Figure 5. Spatial and motion feature encoding by variants of Gabor filter-based models.
(A) The general architecture is a linear-nonlinear-Poisson (LNP) cascade neuron model. Neurons were simulated by various 2D and 3D Gabor-like linear kernels, with or without an untuned subtractive normalization.
(B) From the base LNP model, variations were derived, organized into three classes: 2D Gabor-based, 3D Gabor-based without normalization, and 3D Gabor-based with normalization. Both linear and energy responses (akin to simple cells and complex cells) were computed from combinations of 2D Gabor filters. Linear, energy and motion responses (akin to simple cells, complex cells, and speed cells) were computed from 3D Gabor filters.

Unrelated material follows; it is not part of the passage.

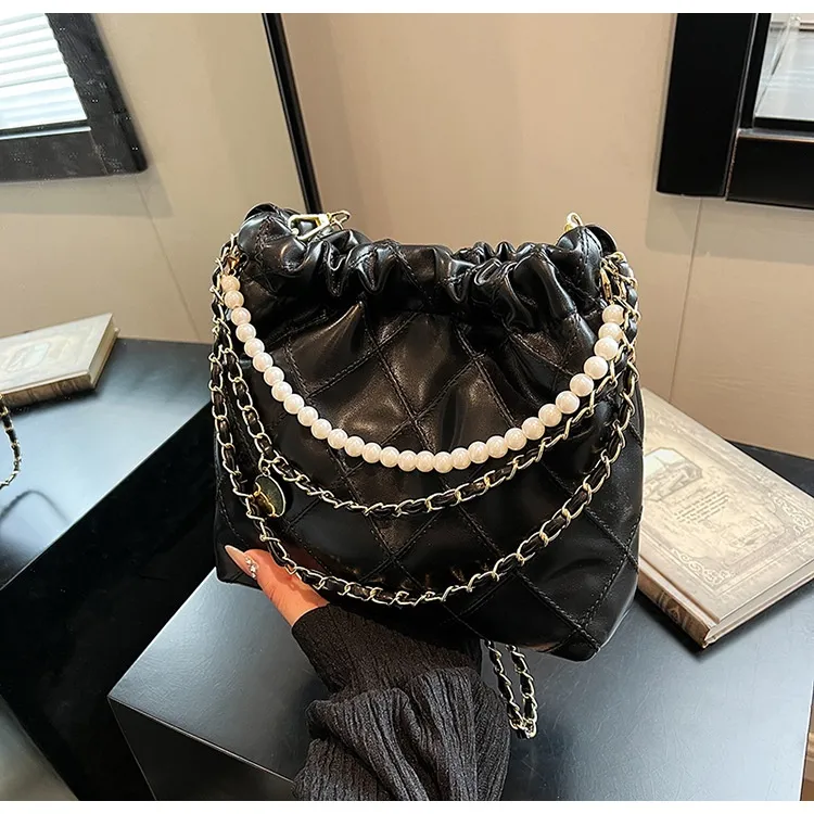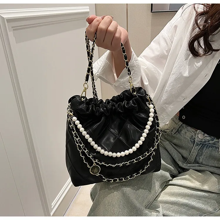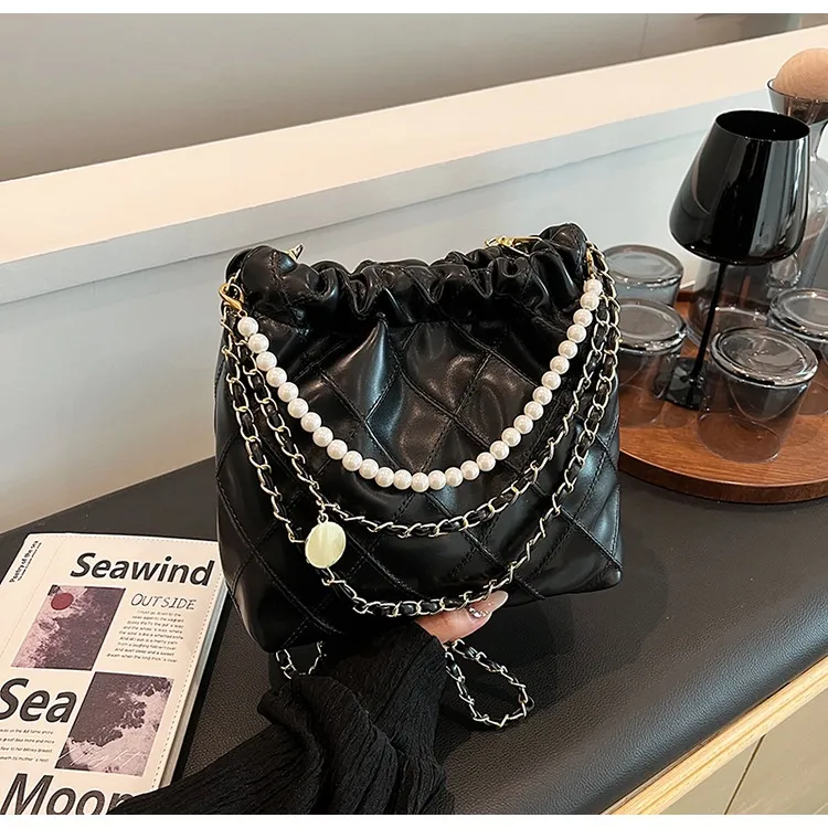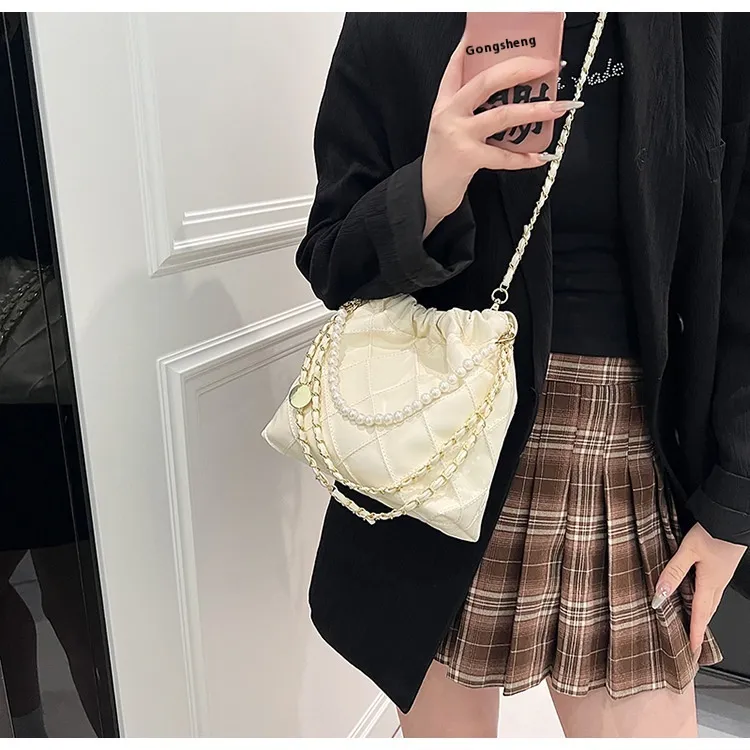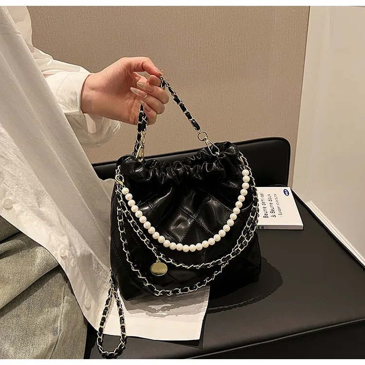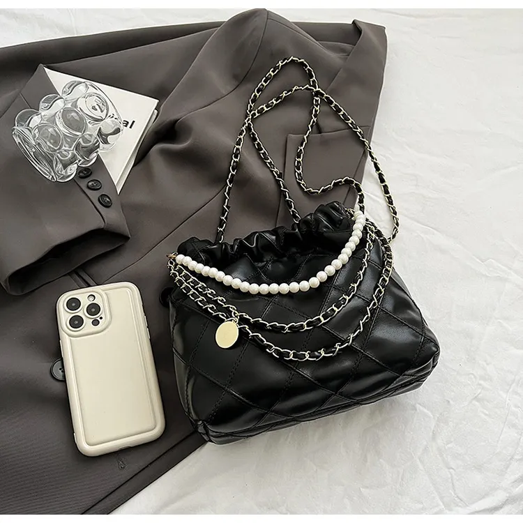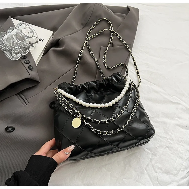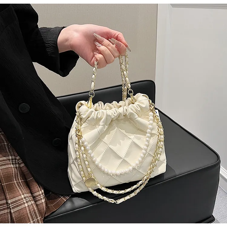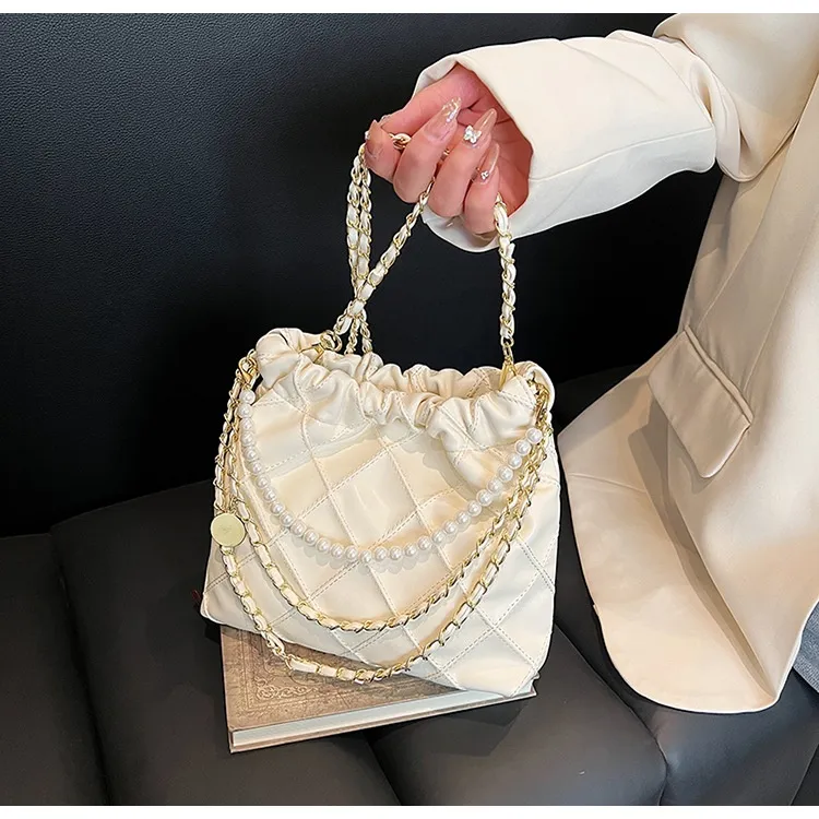 Women's Bag Popular Niche Texture Garbage Rhombus PU Hand
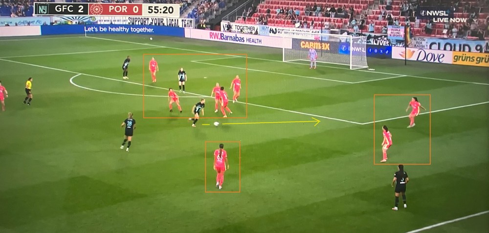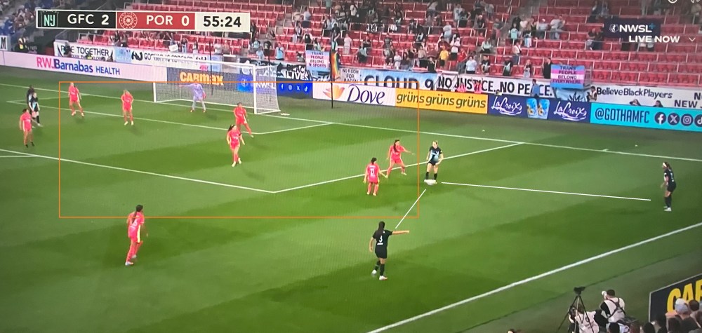 Unfortunately for his club Gotham passed around them like the Amoros-coached tika-taka possession squad they are. On the other end Portland was pinned in their own half most of the match, between Gotham’s counter-press and their own lack of pace and slow movement. The results were predictable

(C) These three classes of models varied in how much their activity was modulated by global, form, and motion features in naturalistic videos. The neuron models are plotted by their modulation in feature spaces. The location of a neuron model was defined by the modulation power (same as Figure 4).

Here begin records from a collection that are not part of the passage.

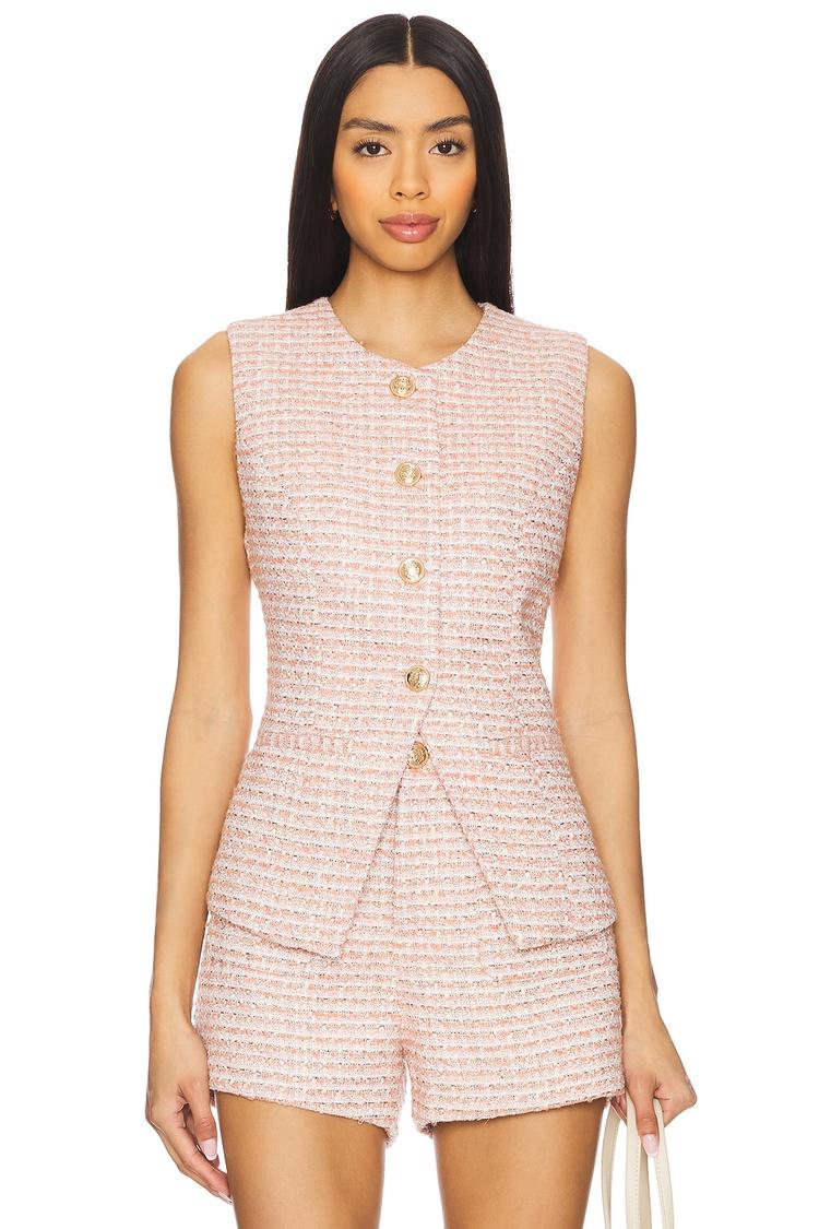 This Emerson Vest features a fitted silhouette in shimmering dusty rose tweed fabric with metallic threading throughout. The sleeveless design and hip-length cut create a polished look perfect for layering. It includes a round neck and front button closure, complemented by dual faux welt pockets for subtle functionality. The vest is lined with polyester for comfort and structure. Ideal for casual outings, business casual settings, and brunches, this classic and elegant piece adds refined texture and style to your wardrobe for spring and autumn seasons.
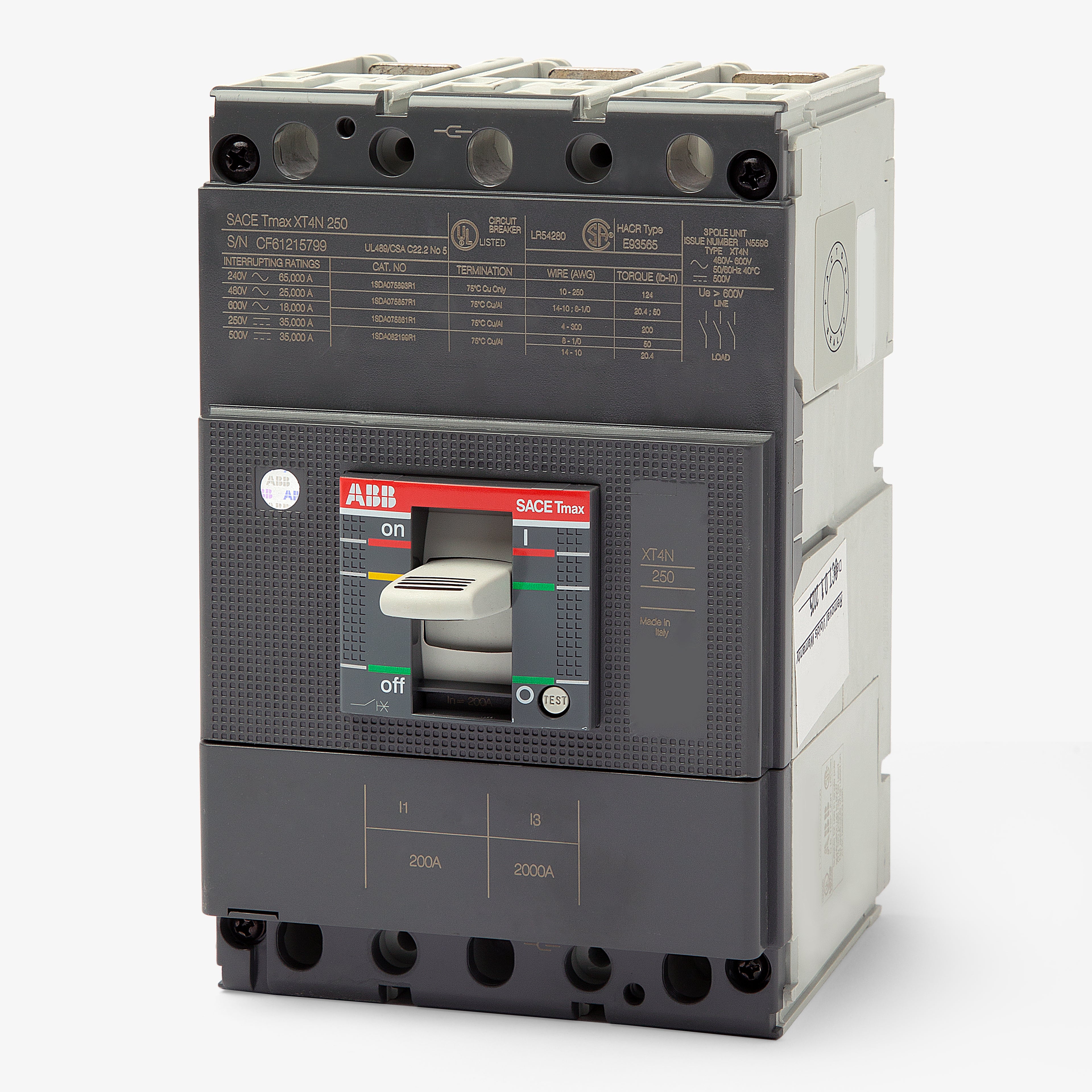 The ABB XT4NU3200AFJ000XXX is a 3 Pole thermal magnetic molded case circuit breaker with a current rating of 200 Amps and a voltage rating of 600VAC. It has an interrupting rating of 25kAIC at 480V. The XT4NU3200AFJ000XXX has a panel mounting type.
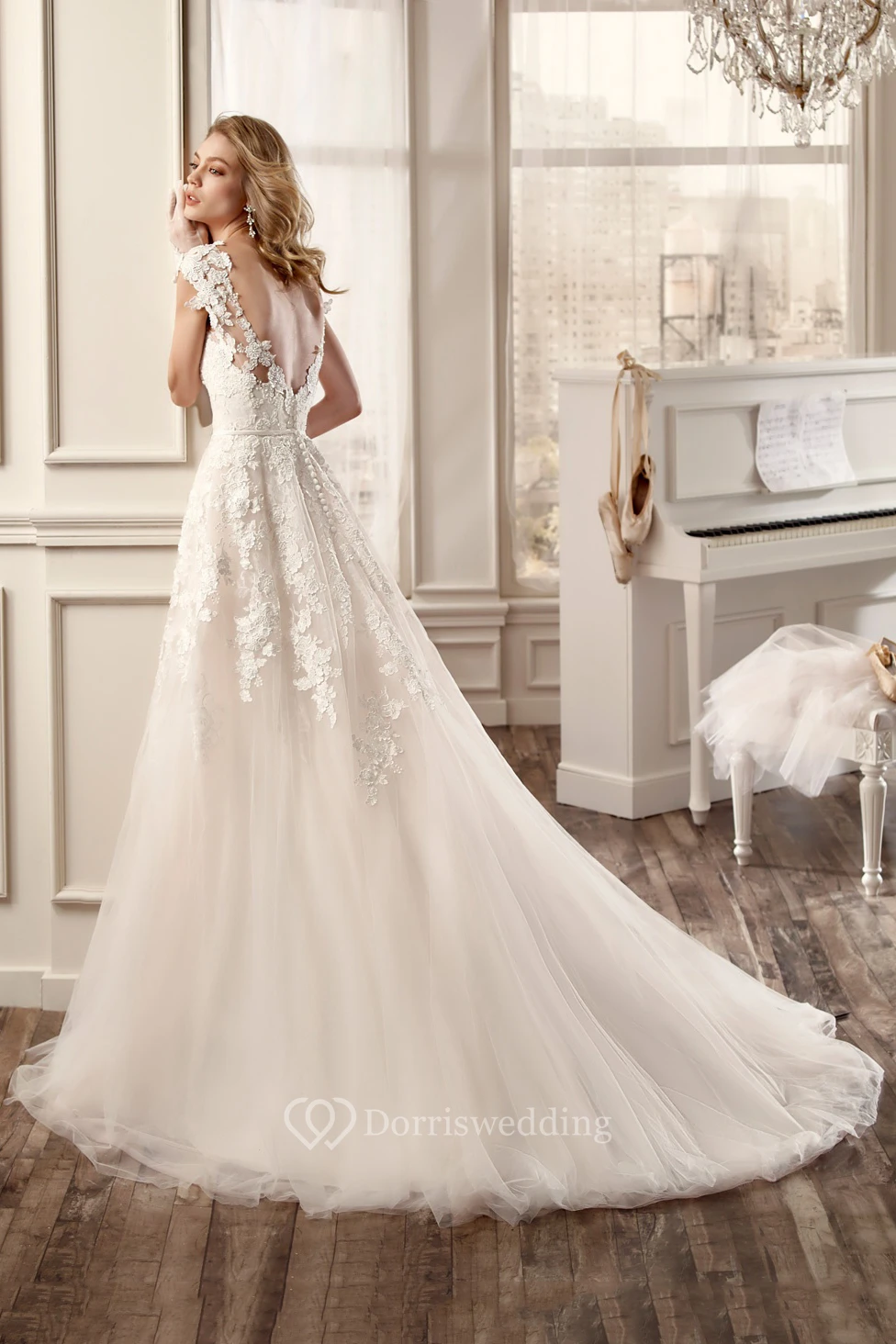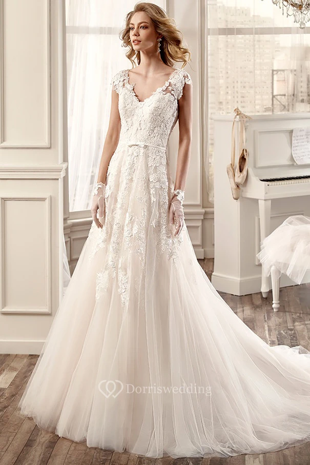 Cap-Sleeve V-Neck Pleating Wedding Dress With Brush Train And Open Back

We determined the feature extraction properties of the models by simulating responses to the texture and RDK stimuli and characterizing them (Figure S6). Neuron models varied in the encoding power of different types of stimuli or visual features. We noted that 2D Gabor models exhibited specific tuning to the texture family while remaining tolerant to motion directions, especially the cross-orientation and linear cross-position models (Figure S6A), which are the best models for texture family encoding. On the other hand, 3D Gabor models with normalization performed the best in encoding the motion direction in RDK stimuli (Figure S6B).
In response to the naturalistic videos, 2D Gabor models, especially linear cross-position and linear cross-orientation models, exhibited better sensitivity to the contrast, edge density, and the DOG entropy, while the 3D Gabor models with untuned normalization exhibited better sensitivity to the OF entropy (Figure 5C). These simulation results confirmed the apparent trade-off in representation fidelity for spatial features and motion features, with 2D Gabor kernels performing better on the former, and 3D Gabor kernels with or without normalization, on the latter.

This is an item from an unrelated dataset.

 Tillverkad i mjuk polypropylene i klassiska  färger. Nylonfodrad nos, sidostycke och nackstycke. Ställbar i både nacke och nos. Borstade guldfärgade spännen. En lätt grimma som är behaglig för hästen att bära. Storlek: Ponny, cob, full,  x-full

Gabor models reproduced specific feature representations of mouse visual cortex
Next, we determined the best Gabor model for neurons recorded in vivo to the naturalistic video stimuli. We fit individual neuronal responses with the Gabor-based models. One best model among the whole set, the “preferred” model, was selected for individual neurons. Preferred models captured the greatest amount of PSTH variance of the in vivo neuronal responses (Figure 6A). In general, the preferred models explained 40 ± 17 % (mean ± SD) of the variance of the PSTH (no difference between visual areas, one-way ANOVA p = 0.06).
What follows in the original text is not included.